Descubra se você respeita as leis da boa etiqueta fazendo o teste abaixo! Depois, é só conferir as respostas no final da página!
1 - Quando vai a um restaurante com comida típica de outro país e lhe oferecem algo que considera exótico demais para seu paladar, o que faz?

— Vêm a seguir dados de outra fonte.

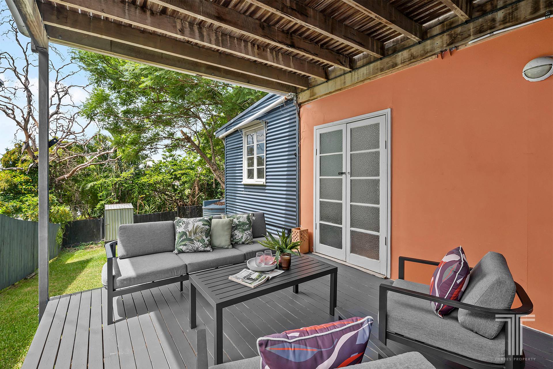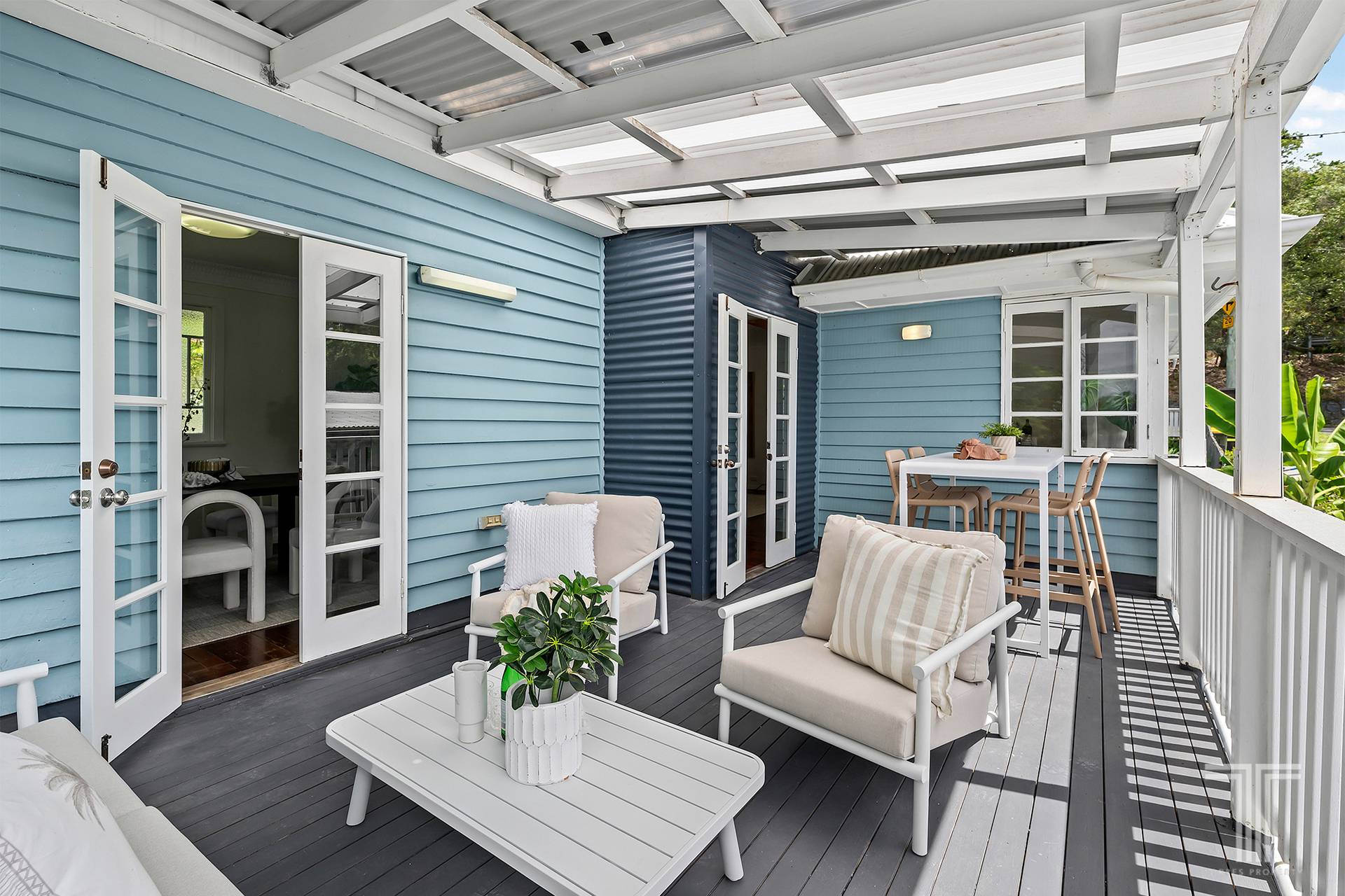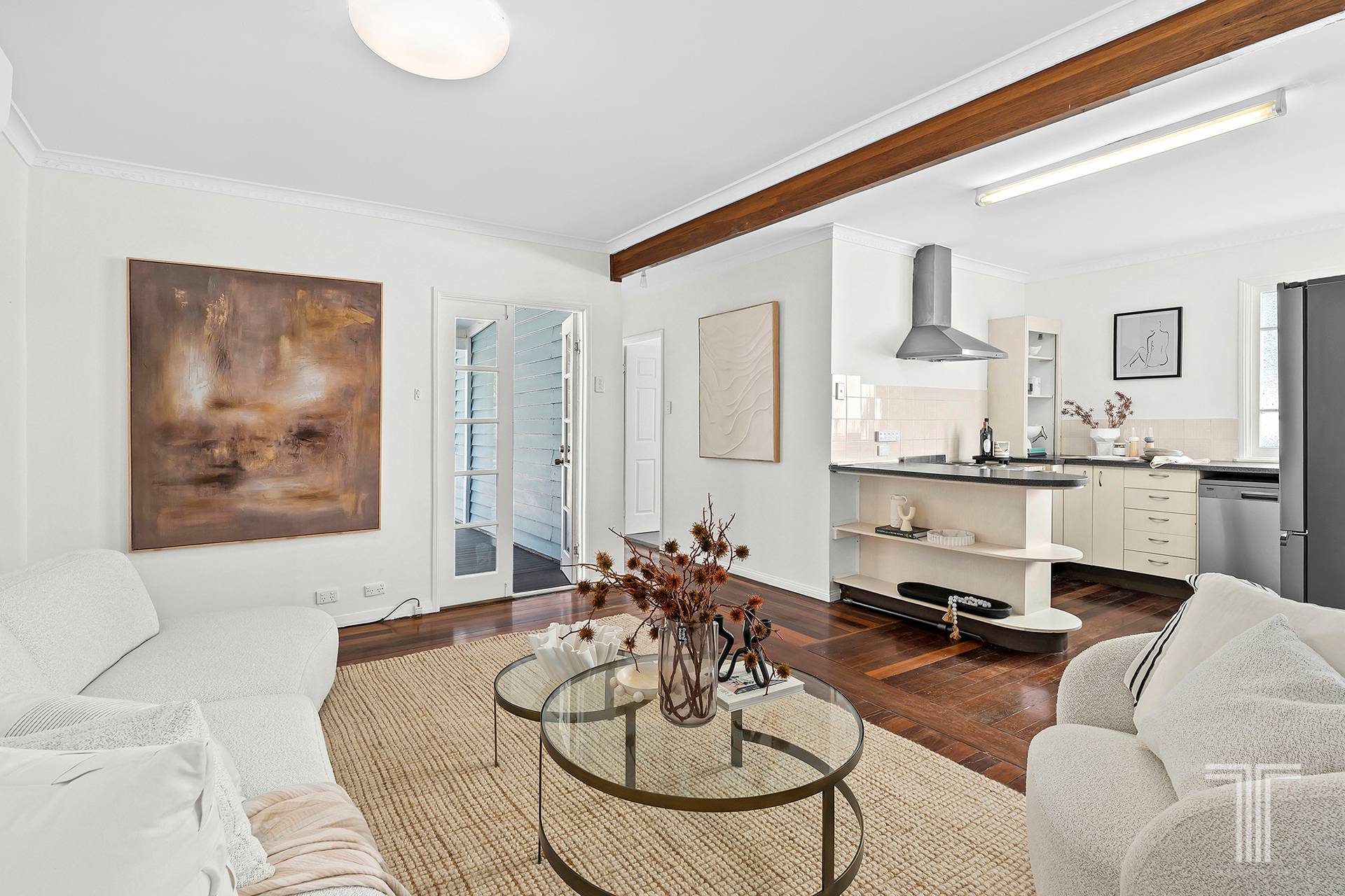 Polished floorboards guide you through the upper level, where everyday living unfolds with warmth and ease. The dining space honours the home's character era with decorative cornices, adding a graceful nod to its origins. The kitchen and living zone connect effortlessly to an expansive rear deck, elevated to capture leafy outlooks and cooling breezes. It is an inviting space for long lunches, relaxed dinners and quiet mornings with coffee in hand.

a) Em primeiro lugar, se vou a um restaurante diferenciado, tenho de estar preparado para novidades. Além disso, recusar dá a impressão de descaso com a cultura alheia. Agora, se for um prato que me cause repugnância, a alternativa é alegar alguma restrição médica.
b) Não como de jeito algum. Com certeza, ainda vou acabar fazendo cara feia ao ver o aspecto estranho da comida.
c) Falo que não quero. Não gosto nem de ver esses pratos estranhos, porque já me dá náuseas.
d) Como, mas, se não for bom, faço aquela cara incontrolável de nojo.
2 - Em um restaurante japonês, come com o auxílio dos hashis ou pede logo de cara os talheres ocidentais?
a) É simpático ao menos tentar usar os hashis. Além disso, há a possibilidade de pedir os hashis com o elástico para se adaptar. Se nada der certo, peço o talher ocidental.
b) Peço o ocidental. Vou ao restaurante para comer comida japonesa e não para passar dificuldade na hora de comê-la.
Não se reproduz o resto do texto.